# horizontal router table plans



## fireboy (Apr 19, 2008)

I'm putting together plans to build a horizontal router table, mostly to do
raised panels and any other work that can be done on a horizontal router table.
I want to take advantage of the horizontal router bits for doing panels.

One of the features I've noticed on the horizontal tables, that I have seen
pictures of is that they all have what I feels is an excess amount of up and
down travel to the router table top.

I don't want to limit myself if I can help it. So........ if you know, or can
think of reasons that I might be routing more than 4 inches above the top of
the table I'd like to hear form you. Yes, I also have a vertical router table.

Getting this input will help to plan the horizontal router table from as many
prospectives as I can, this will determin my final drawing/plan for building
it. I Thank you for reading my post and for any input given in advance!


----------



## allthunbs (May 14, 2008)

OK, is the router bit horizontal or the table top?

If the table top is horizontal, I've set all by tables to 36" which is a nice working height for me (5'10"). My table top is 2'x4' and 1" thick MDF with a laminate cover. I use the Oak-Park baseplate which is recessed into the table top. This gives me a large surface that I can attach fences, route large pieces and handle just about any routing job 

However, I'm more interested in your "vertical" table. Can you post a picture?


----------



## Stevenbr (May 18, 2008)

*Horizontal router table plans*

:thumbsup:If you could give me your e-mail I will send you a link to a Fine Woodworking plan. I am building one myself. Very inexpensive.

You can try to go to www.finewoodworking.com then go to the tab "WORKSHOP" at the top of page. When you get there use the drop down menu "Shop Made Jigs and Fixtures" and select "Router Jigs".
Scroll all the way down to the bottom and select page # "5".
The fourth selection will be "Horizontal Router Table".

Good luck,

Steve


----------



## cabinetman (Jul 5, 2007)

There may be occasion to rout higher than 4". Not too often if at all. The higher you go the more likely you'll get some movement unless the jig is structured very strong.
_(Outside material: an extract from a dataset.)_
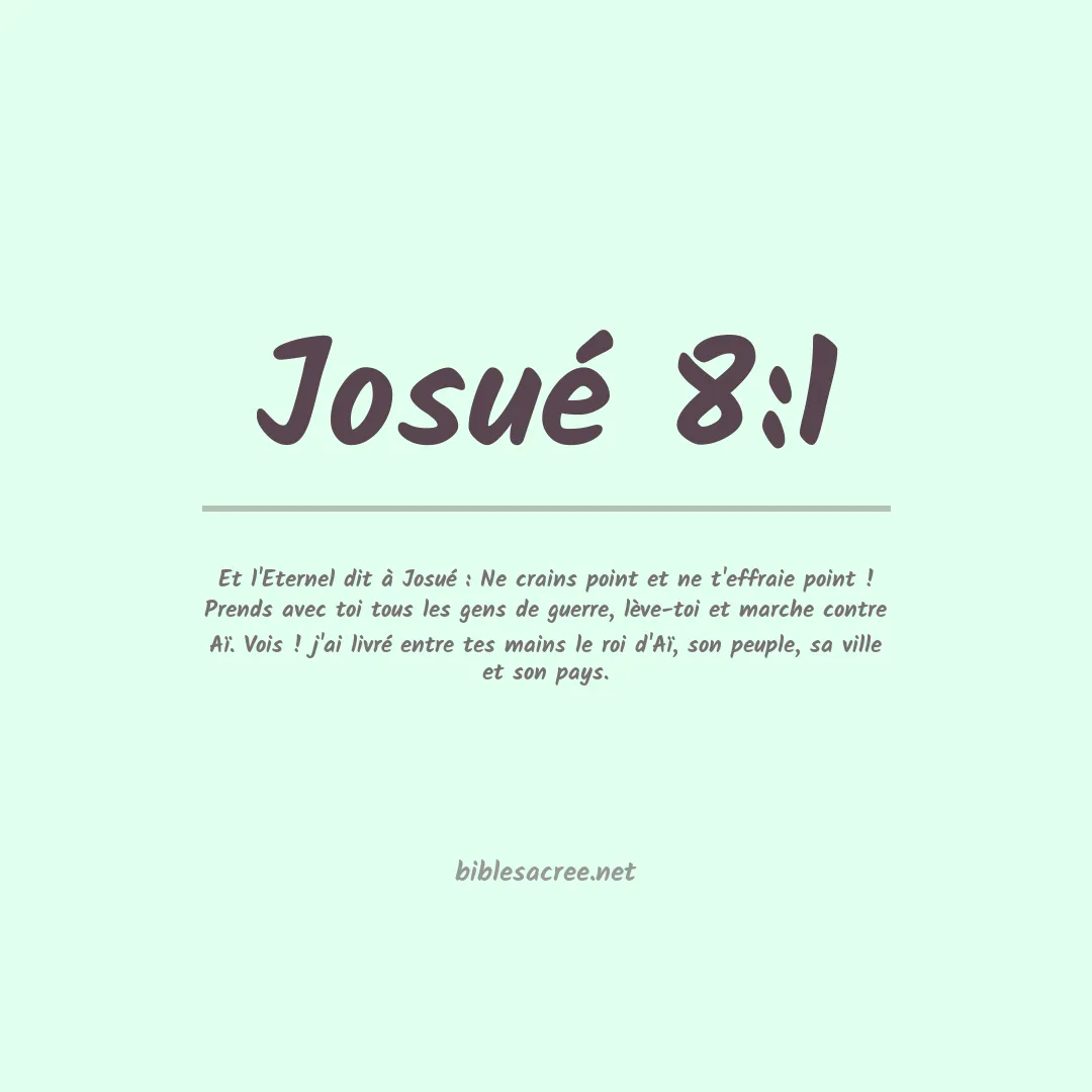 Et l'Eternel dit à Josué : Ne crains point et ne t'effraie point ! Prends avec toi tous les gens de guerre, lève-toi et marche contre Aï. Vois ! j'ai livré entre tes mains le roi d'Aï, son peuple, sa ville et son pays.

Ran across this simple horizontal table assembly that would be real easy to make.
.


----------



## Graphiti (Mar 29, 2008)

That's an awesomely simple design, Love IT! (Can you tell I'm into custom tools?)


----------



## rusty crusty (May 22, 2008)

*Square peg*

Graphiti,
If the peg wont go get a bigger hammer:laughing:


----------



## tmuli (Mar 12, 2008)

I made a horizontal router based on the one in Yeung Chan's book "Classic joints with power tools" I didn't like the idea of having the router mounting board just clamped in the workbench, so I connected it to the base and made a jack screw that I use to adjust the height of the bit. I've used it quite a bit in the past 5 years and it works great.
http://i264.photobucket.com/albums/ii174/iretsu/horizontalmortiser.jpg


----------